- _Extracted data_
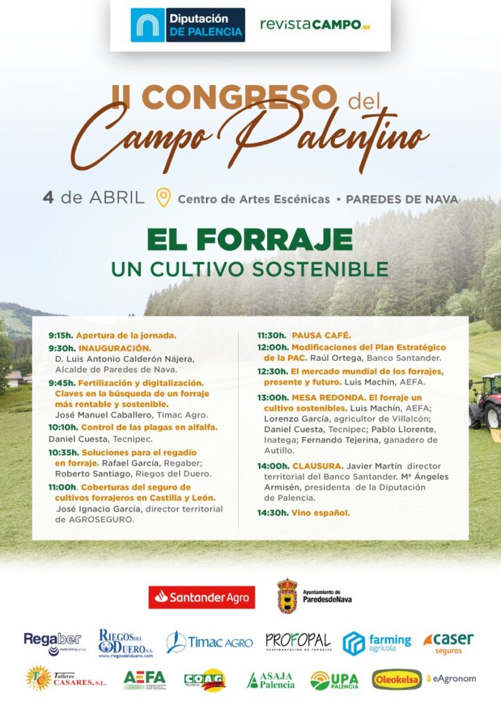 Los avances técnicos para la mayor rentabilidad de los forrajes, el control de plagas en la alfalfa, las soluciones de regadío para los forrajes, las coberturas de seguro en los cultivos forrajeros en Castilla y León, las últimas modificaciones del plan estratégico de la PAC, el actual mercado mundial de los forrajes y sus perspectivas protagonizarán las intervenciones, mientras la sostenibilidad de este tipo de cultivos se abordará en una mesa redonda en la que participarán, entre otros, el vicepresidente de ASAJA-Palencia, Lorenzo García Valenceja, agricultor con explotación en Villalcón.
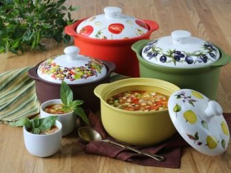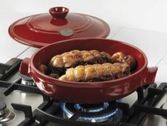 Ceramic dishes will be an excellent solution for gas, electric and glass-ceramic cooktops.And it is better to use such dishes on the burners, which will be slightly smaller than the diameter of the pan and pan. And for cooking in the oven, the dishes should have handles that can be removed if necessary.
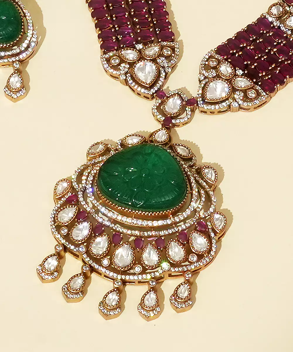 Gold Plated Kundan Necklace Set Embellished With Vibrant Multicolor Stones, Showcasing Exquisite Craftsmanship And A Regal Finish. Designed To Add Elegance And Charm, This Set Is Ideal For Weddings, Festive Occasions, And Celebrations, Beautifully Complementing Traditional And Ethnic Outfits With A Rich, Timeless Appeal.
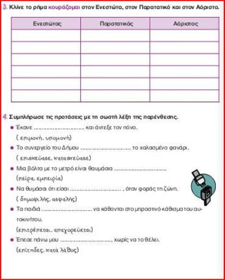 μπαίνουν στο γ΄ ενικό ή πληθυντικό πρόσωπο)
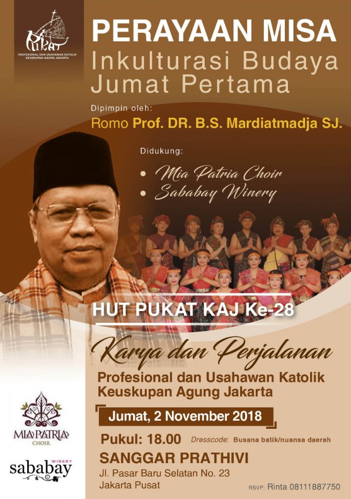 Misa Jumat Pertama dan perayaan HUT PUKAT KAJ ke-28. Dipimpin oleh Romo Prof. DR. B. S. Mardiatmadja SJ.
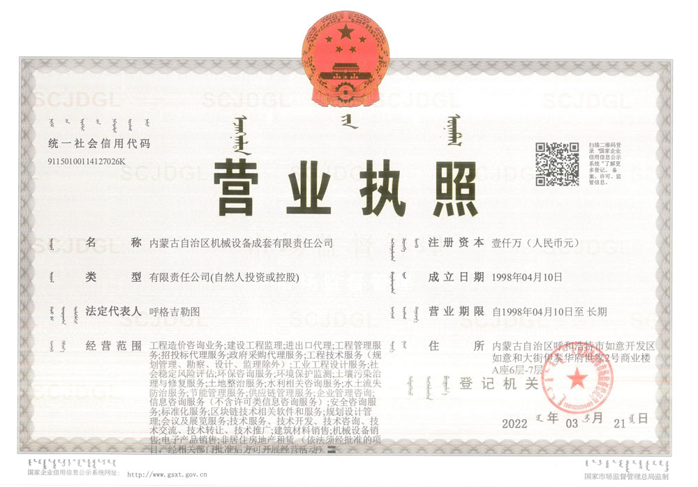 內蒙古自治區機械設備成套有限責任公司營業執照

- _Work item_
Quote, without alteration, the lines running from the line containing "μπαίνουν στο γ΄ ενικό ή πληθυντικό πρόσωπο)" to the last line of the entries, and include no pictures.

- _Your response_
 μπαίνουν στο γ΄ ενικό ή πληθυντικό πρόσωπο)
 Misa Jumat Pertama dan perayaan HUT PUKAT KAJ ke-28. Dipimpin oleh Romo Prof. DR. B. S. Mardiatmadja SJ.
 內蒙古自治區機械設備成套有限責任公司營業執照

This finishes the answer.